The system that checks itself
Every morning at 8am, a message arrives before I’ve looked at my phone.
It lists every automation I have running — the morning brief, the customer email pipeline, the bot that handles commands from my phone — and next to each one, whether it worked. Green ticks down the list. Takes three seconds to read.
And it does something to the rest of the day that’s hard to explain until you’ve experienced it.
The problem with silent automations
Most automations fail silently. They run in the background, you stop thinking about them, and then one day you notice something didn’t happen. The report wasn’t there. The reminder never arrived. The order didn’t go through. You trace it back and find it had been broken for two weeks.
Silent failure is the default mode of any automation you don’t actively monitor. You build it, you test it once, it works — and then you trust it. Which is fine, until it isn’t.
The worse version is when you don’t even realise it’s broken. You’ve reorganised your expectations around the automation. It was doing something you used to do manually. When it stops, you don’t notice the absence immediately. You just experience the downstream effect — a dropped ball, a missed moment — and it takes time to connect it back to the broken pipe.

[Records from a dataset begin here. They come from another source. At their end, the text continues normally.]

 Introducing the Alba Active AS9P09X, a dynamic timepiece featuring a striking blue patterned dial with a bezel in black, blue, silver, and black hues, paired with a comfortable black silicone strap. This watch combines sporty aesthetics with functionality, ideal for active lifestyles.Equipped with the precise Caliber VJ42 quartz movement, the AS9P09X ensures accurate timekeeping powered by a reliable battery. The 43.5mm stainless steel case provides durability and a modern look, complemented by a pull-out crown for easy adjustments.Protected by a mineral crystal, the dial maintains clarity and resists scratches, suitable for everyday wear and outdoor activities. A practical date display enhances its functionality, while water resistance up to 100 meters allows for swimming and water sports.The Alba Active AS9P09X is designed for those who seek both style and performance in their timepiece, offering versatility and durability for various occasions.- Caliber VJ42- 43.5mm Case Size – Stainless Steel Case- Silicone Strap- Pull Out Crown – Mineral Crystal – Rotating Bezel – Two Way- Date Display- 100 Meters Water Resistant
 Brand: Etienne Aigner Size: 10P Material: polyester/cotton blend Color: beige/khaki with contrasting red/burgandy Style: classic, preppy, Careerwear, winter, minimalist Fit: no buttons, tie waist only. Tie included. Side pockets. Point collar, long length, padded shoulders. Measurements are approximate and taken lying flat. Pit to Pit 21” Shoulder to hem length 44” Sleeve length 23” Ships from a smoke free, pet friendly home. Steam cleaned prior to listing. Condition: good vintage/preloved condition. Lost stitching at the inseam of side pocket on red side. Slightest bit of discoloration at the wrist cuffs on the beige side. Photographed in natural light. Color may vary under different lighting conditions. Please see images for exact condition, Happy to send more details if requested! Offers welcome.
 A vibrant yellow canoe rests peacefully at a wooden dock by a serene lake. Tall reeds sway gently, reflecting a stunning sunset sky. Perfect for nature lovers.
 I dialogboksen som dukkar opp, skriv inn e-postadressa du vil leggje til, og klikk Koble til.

The system that confirms it’s alive
The alternative is simple. Build something that tests itself and reports back.
For me, this is a small check that runs every morning alongside everything else. It sends a test command to each automation I depend on, waits for the expected response, and confirms the result. Not just that the automation is switched on — that it actually did the thing. If anything in the chain breaks, the morning report tells me before 9am, before I might have needed it.

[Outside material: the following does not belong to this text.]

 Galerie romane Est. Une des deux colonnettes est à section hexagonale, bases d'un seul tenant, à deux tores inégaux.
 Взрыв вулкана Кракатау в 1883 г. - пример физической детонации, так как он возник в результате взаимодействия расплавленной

I find out when the failure is hypothetical, not when it’s costing me something.
The check itself is lightweight. For each automation: trigger it, confirm the result, report pass or fail. For an email pipeline, send a test and verify it arrived. For a scheduled report, confirm the file was created. For any system with a command interface, send a command and check the response. The point is to test the actual path — not whether the machine is running, but whether it’s working.
What it does to how you carry the system
This is the part that surprised me.
The peace of mind isn’t just about catching failures. It’s about what happens to your relationship with the system once you know it checks itself.
Every automation you build lives somewhere in your attention. Not consciously — you’ve stopped thinking about it. But it’s still there, carried at a low level. The background question of: is that still working? You don’t ask it. But you’re holding it.
When a system tells you every day that it’s working, you stop holding it. It drops out of your mental inventory entirely. And that compounds. One automation checking itself is useful. A stack of them — each one self-reporting, each one dropping out of the background — changes the texture of the day.
You’re not just saving time on the tasks. You’re also not spending attention on the quiet worry that things might have broken. Those are different benefits. The second one is harder to measure and more valuable than it sounds.
The goal isn’t just to automate the work. It’s to build a stack where you wake up and already know everything is functioning. Before you’ve made a single decision. Before you’ve needed anything.
The systems have already checked. They’re ready.